— What you have to do —
Because the copy must hold no pictures, return the data below with all of its words intact.

— Supplied material —
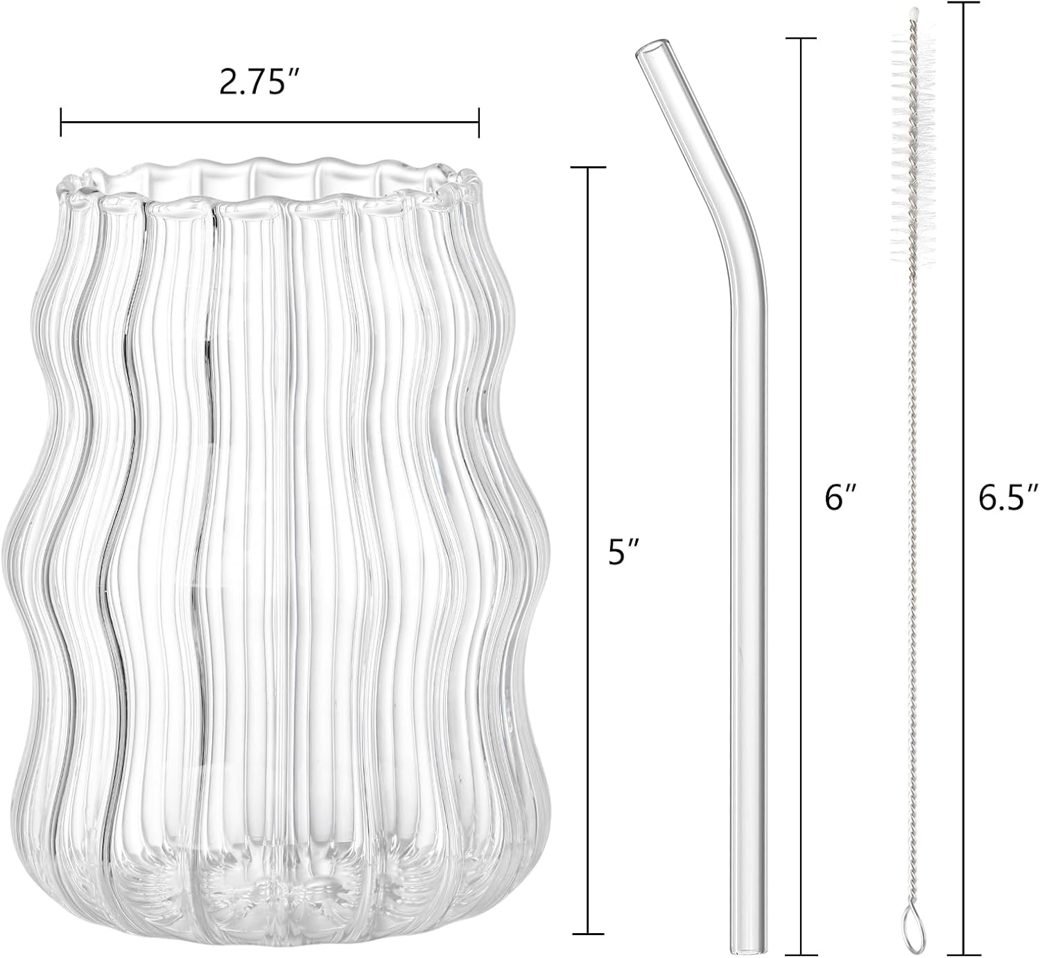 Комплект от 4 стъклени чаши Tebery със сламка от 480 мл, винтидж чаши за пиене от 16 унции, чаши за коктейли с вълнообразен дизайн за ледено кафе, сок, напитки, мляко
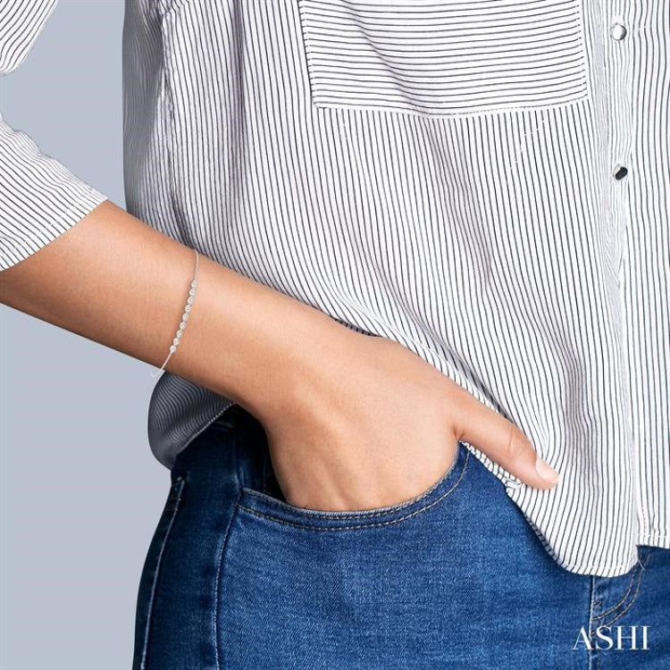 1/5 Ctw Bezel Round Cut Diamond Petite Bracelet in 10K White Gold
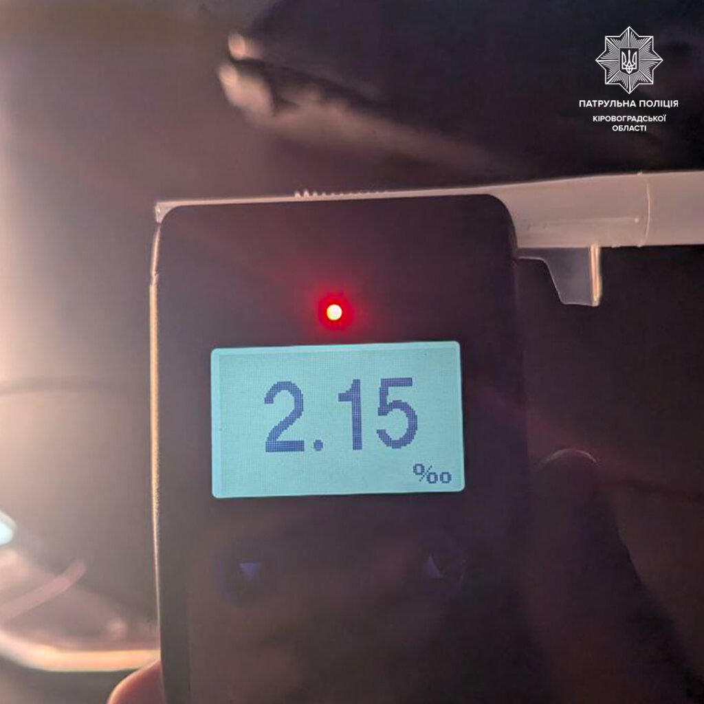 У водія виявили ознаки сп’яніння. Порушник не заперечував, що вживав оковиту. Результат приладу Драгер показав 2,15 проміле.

— Solved problem —
 Комплект от 4 стъклени чаши Tebery със сламка от 480 мл, винтидж чаши за пиене от 16 унции, чаши за коктейли с вълнообразен дизайн за ледено кафе, сок, напитки, мляко
 1/5 Ctw Bezel Round Cut Diamond Petite Bracelet in 10K White Gold
 У водія виявили ознаки сп’яніння. Порушник не заперечував, що вживав оковиту. Результат приладу Драгер показав 2,15 проміле.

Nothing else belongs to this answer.